_Data for review:_

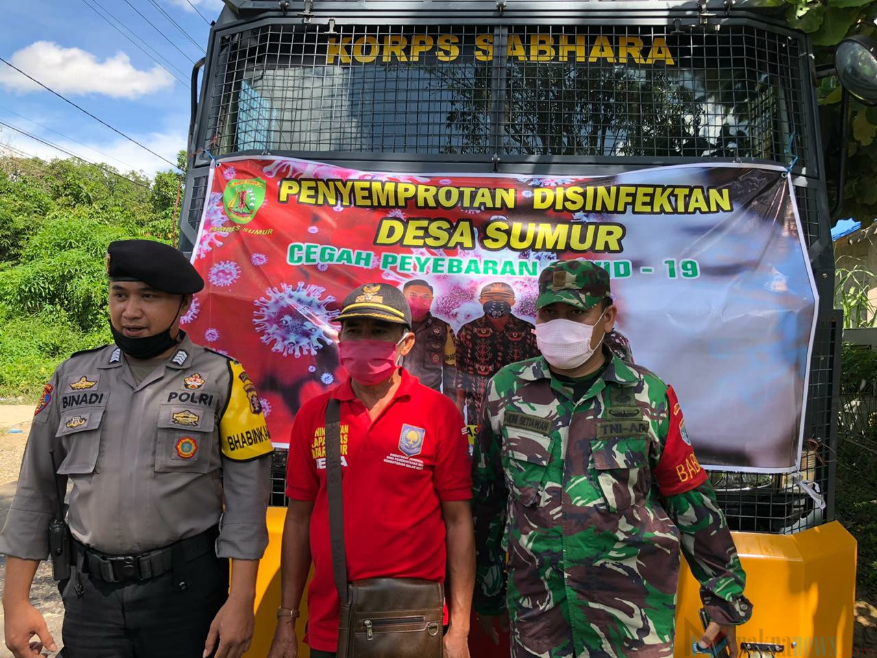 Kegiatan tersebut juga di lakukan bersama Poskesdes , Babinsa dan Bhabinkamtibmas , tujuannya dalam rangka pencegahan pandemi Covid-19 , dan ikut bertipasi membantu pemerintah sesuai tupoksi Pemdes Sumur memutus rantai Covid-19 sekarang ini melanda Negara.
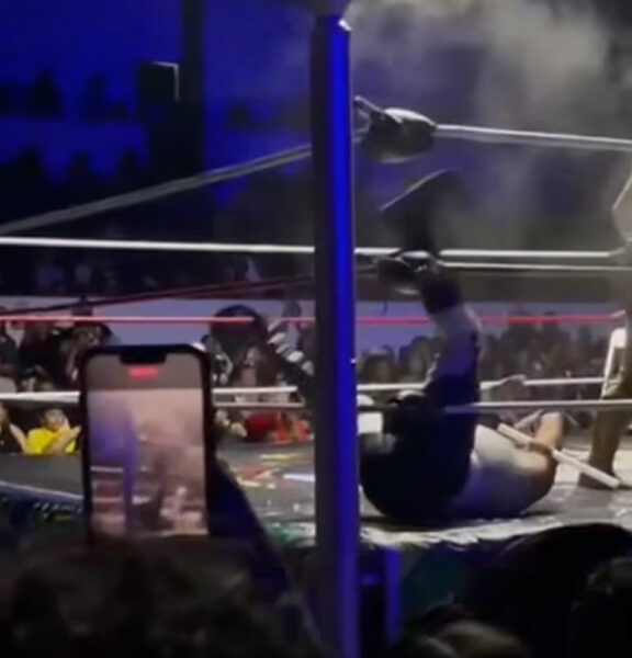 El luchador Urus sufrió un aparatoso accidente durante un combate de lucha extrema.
* * *
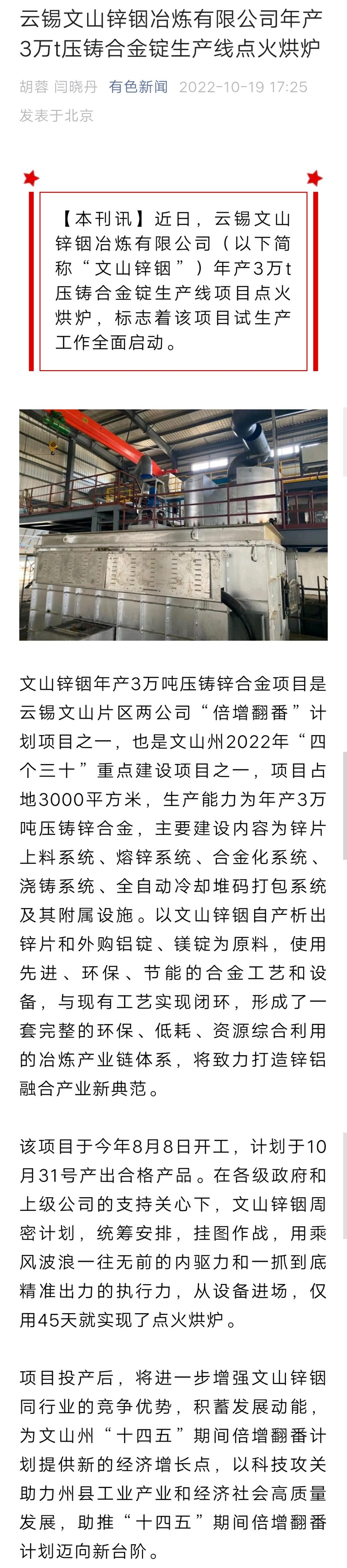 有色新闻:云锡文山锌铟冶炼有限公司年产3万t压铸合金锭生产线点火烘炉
---
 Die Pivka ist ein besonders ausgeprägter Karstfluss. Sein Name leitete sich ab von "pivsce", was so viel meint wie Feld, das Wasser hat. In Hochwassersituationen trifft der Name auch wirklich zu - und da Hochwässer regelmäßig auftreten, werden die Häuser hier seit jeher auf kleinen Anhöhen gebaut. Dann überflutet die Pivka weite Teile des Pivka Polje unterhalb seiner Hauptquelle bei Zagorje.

_Work instruction:_ Leave the pictures out. Output, exactly, the lines of the material above starting at the line containing "Kegiatan tersebut juga" and ending at the line containing "El luchador Urus".

_Exercise answer:_
 Kegiatan tersebut juga di lakukan bersama Poskesdes , Babinsa dan Bhabinkamtibmas , tujuannya dalam rangka pencegahan pandemi Covid-19 , dan ikut bertipasi membantu pemerintah sesuai tupoksi Pemdes Sumur memutus rantai Covid-19 sekarang ini melanda Negara.
 El luchador Urus sufrió un aparatoso accidente durante un combate de lucha extrema.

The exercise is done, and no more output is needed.